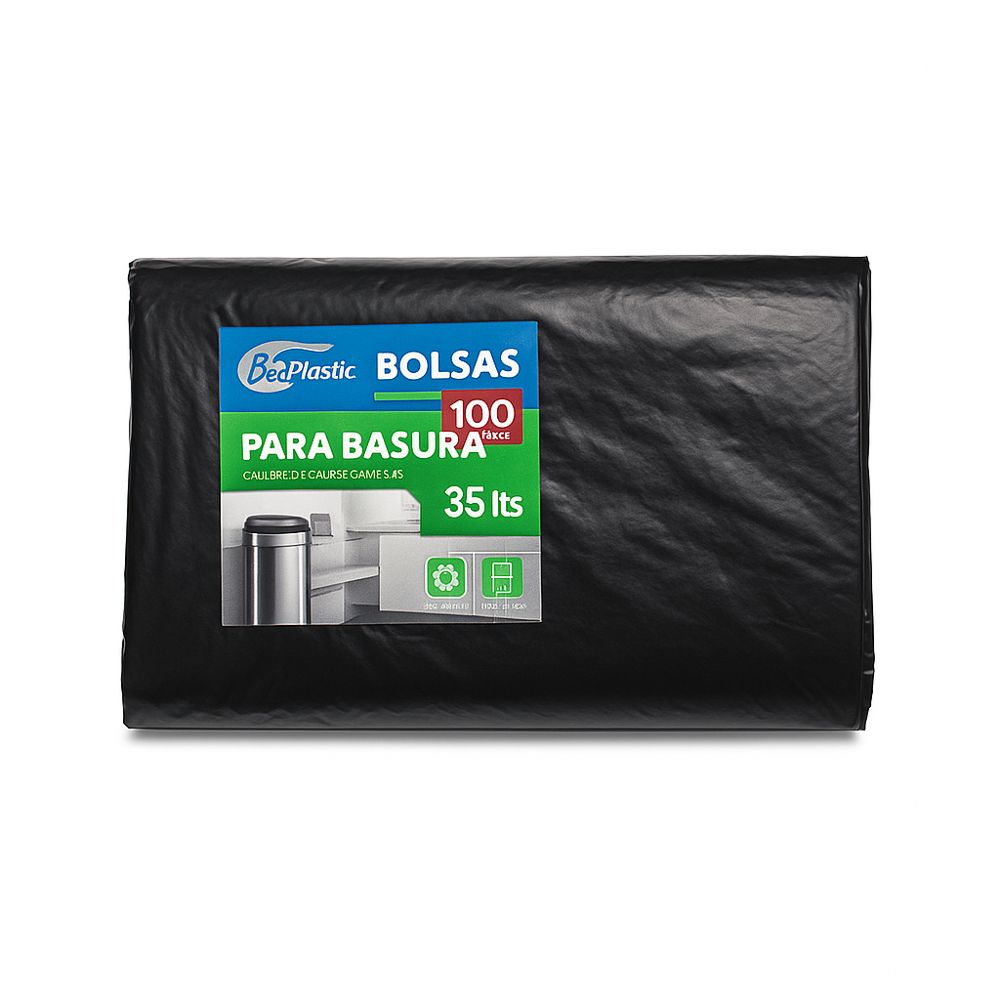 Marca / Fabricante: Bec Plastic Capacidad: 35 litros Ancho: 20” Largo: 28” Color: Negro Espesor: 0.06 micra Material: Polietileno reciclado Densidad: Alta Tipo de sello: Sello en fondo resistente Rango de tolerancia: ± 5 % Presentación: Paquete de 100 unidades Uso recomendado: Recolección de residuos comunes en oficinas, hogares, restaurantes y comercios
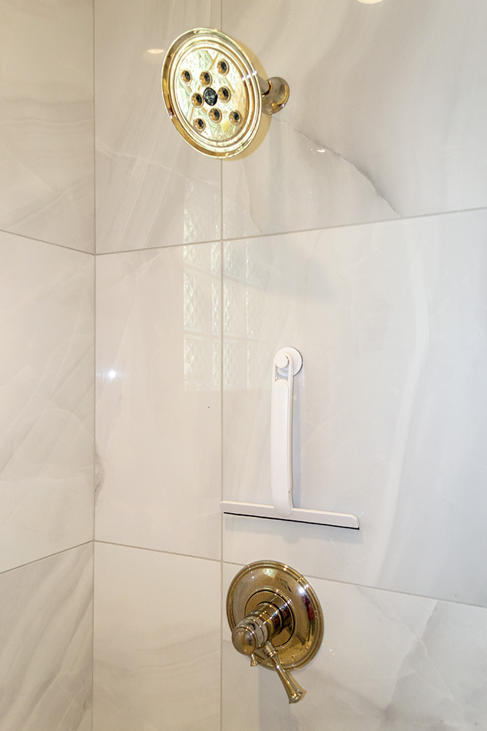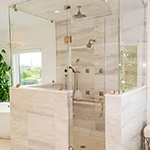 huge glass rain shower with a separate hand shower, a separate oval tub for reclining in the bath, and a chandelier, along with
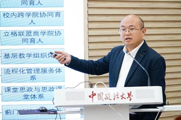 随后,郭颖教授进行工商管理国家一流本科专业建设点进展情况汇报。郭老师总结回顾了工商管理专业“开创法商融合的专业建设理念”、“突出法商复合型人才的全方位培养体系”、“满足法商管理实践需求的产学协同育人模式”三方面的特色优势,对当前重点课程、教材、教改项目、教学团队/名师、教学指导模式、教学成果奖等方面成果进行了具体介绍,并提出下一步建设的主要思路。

WHAT NEEDS TO BE DONE ▸ The line with "huge glass rain" marks the start, and the last line of the material marks the end. Reproduce exactly those two lines and every line between them, without the pictures.

ANSWER AREA ▸
 huge glass rain shower with a separate hand shower, a separate oval tub for reclining in the bath, and a chandelier, along with
 随后,郭颖教授进行工商管理国家一流本科专业建设点进展情况汇报。郭老师总结回顾了工商管理专业“开创法商融合的专业建设理念”、“突出法商复合型人才的全方位培养体系”、“满足法商管理实践需求的产学协同育人模式”三方面的特色优势,对当前重点课程、教材、教改项目、教学团队/名师、教学指导模式、教学成果奖等方面成果进行了具体介绍,并提出下一步建设的主要思路。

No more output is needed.